I will assume that the “you” in this sentence is a generic “you” and not aimed at a specific poster, because you will recall that the use of insults, even by means of an icon, is prohibited in Great Debates.

This hot topic thread has made it this far without falling into a personal pissing match. Please make sure that it stays at that higher level of discussion.

[ /Moderator Mode ]

This is utter nonsense. The reason Geraldo was there and doing what he was doing is because it was his job to be there…. He was sent there by his employer to do specifically what he was doing.

If I, you, Bush or anyone who wasn’t a pathological monster would have been there talking to that mother I/you/they would have reacted the same way Geraldo did.

This whole disaster would have been significantly alleviated if the Mayor would have executed an effective evacuation and shelter plan; the Governor would have sent in the troops and given the Red Cross entry permission; And FEMA would have done what they were suppose to do.

Probably a chain of events that the bureaucracies couldn’t have pulled off in a billion years whether NO was populated by a herd of cocker spaniels or by a tribe of white millionaires.

Bush didn’t act that way, that’s the thing. We didn’t see him get teary-eyed. We didn’t see him slam his fist down on his desk in anger or frustration or resolve about the mess. No, his first soundbite about the whole thing was when he scolded the looters about “personal responsibility”. Ha! Imagine him giving anyone a goddamn lesson on personal responsibility.

No, when millions of Americans turned on the tube and saw their fellow Americans metaphorically and literally drowning, we got misty-eyed at first.

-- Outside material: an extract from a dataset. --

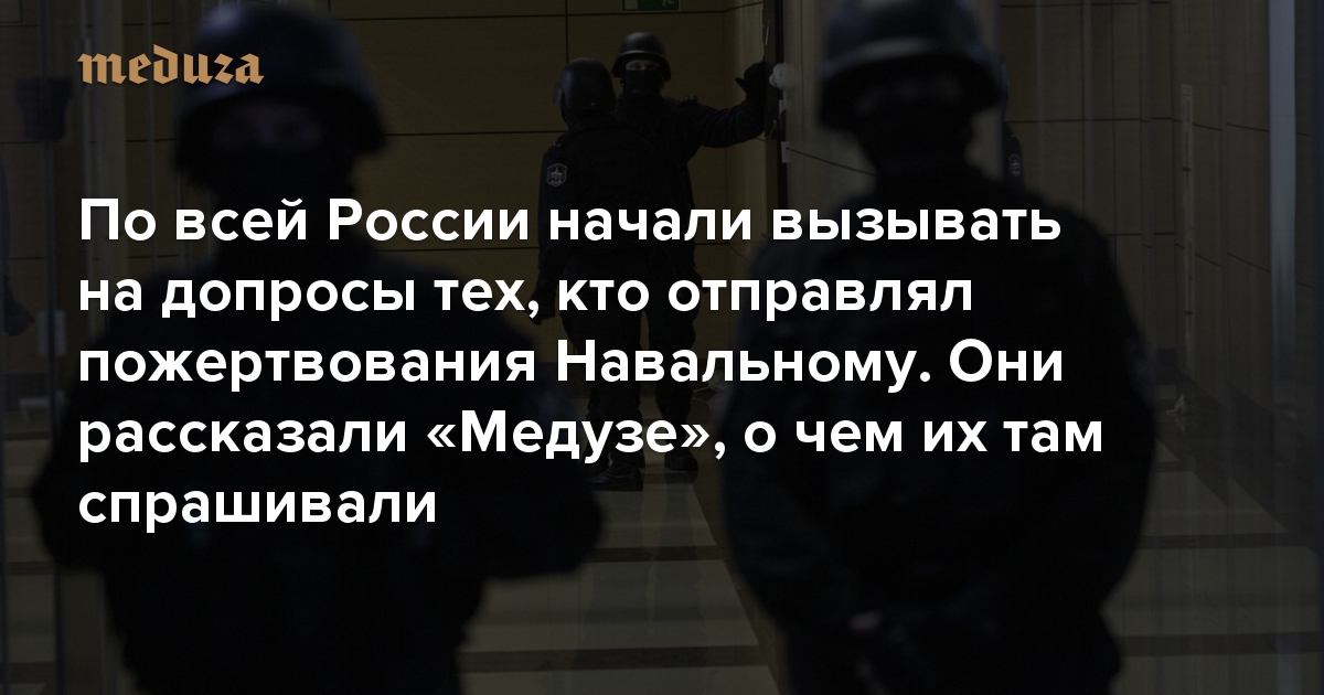 «Им нужен один потерпевший, чтобы построить дело» По всей России начали вызывать на допросы тех, кто отправлял пожертвования Навальному. Они рассказали «Медузе», о чем их там спрашивали

Then we got angry. Bush couldn’t bring himself to fake it for us. He didn’t know how to decently respond until the nation criticized him first. He takes his cue from polls, from the press, from his handlers.

And this jerk is our leader.

Blame is not a zero-sum game. I can blame FEMA and Bush for their screw-ups while simultaneously blaming the mayor and the governor for theirs. But you see, the thing you Bush apologists keep forgetting (or maybe you don’t): Bush is accountable to all of us. My taxes do not pay the governor of Louisiana or the mayor of New Orleans. But they do pay for the DoHS and FEMA. They pay Bush’s salary. Therefore, most of my ire is directed at these folks. They are accountable to ME. They were supposed to be running shit and failed.

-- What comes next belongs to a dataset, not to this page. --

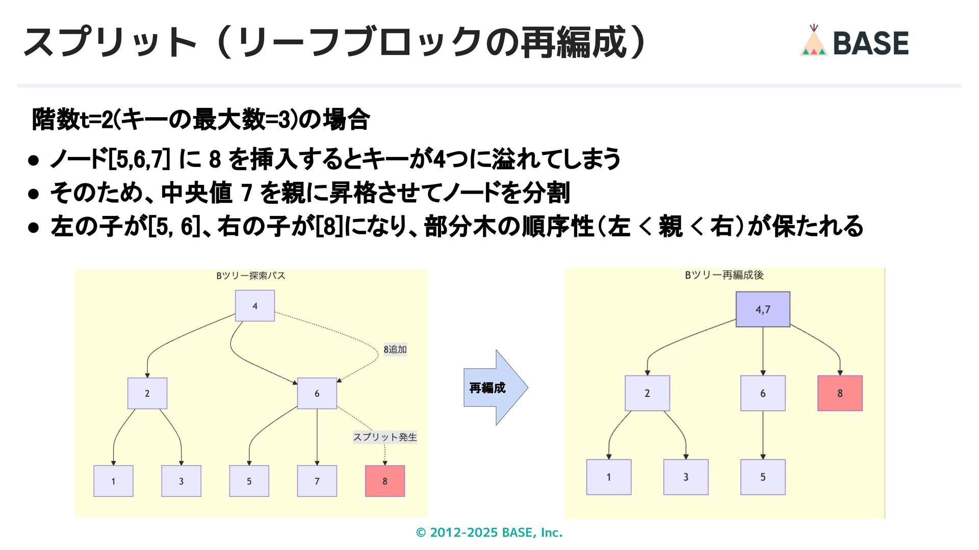 © 2012-2025 BASE, Inc. スプリット(リーフブロックの再編成) 37 階数t=2(キーの最大数=3)の場合 • ノード[5,6,7]

This was a national disaster in more ways than just one.

It’s fine and dandy to say that it doesn’t matter who was involved, the results would have turned out the same. And yet I don’t buy it. Hurricane after hurricane struck Florida last year and help arrived in a timely fashion. Hurricanes just as bad as Katrina have hit before and help arrived in a timely fashion. But that’s not really what pisses me off. What pisses me off is how Bush responded on an emotional level. Even the worst mistakes can be forgiven if an apology seems sincere enough. But the American people have been issued no apology, no admission of failure…only high-pitched assurances that everything happened as well as we could expect them to.

This is a fucking lie and you know it.

Not to invalidate your feelings, but this behavior is typical of Bush no matter what the situation. Any time he screws up, on anything, first he’ll deny responsibility, then, when pushed into a corner, and forced to admit that things have gone wrong, he simply has the attitude of “Oh well, shit happens, life goes on.” This attitude isn’t simply towards blacks, it’s pretty much towards everyone. And the reason FEMA failed is because it’s run by an incompetent, who padded his resume. Again, Bush’s fault, but I don’t think it’s racism.

Hell, look at his responce durring 9/11. A lot of white, wealthy business men must have gotten killed, and he still took his time responding to the situation.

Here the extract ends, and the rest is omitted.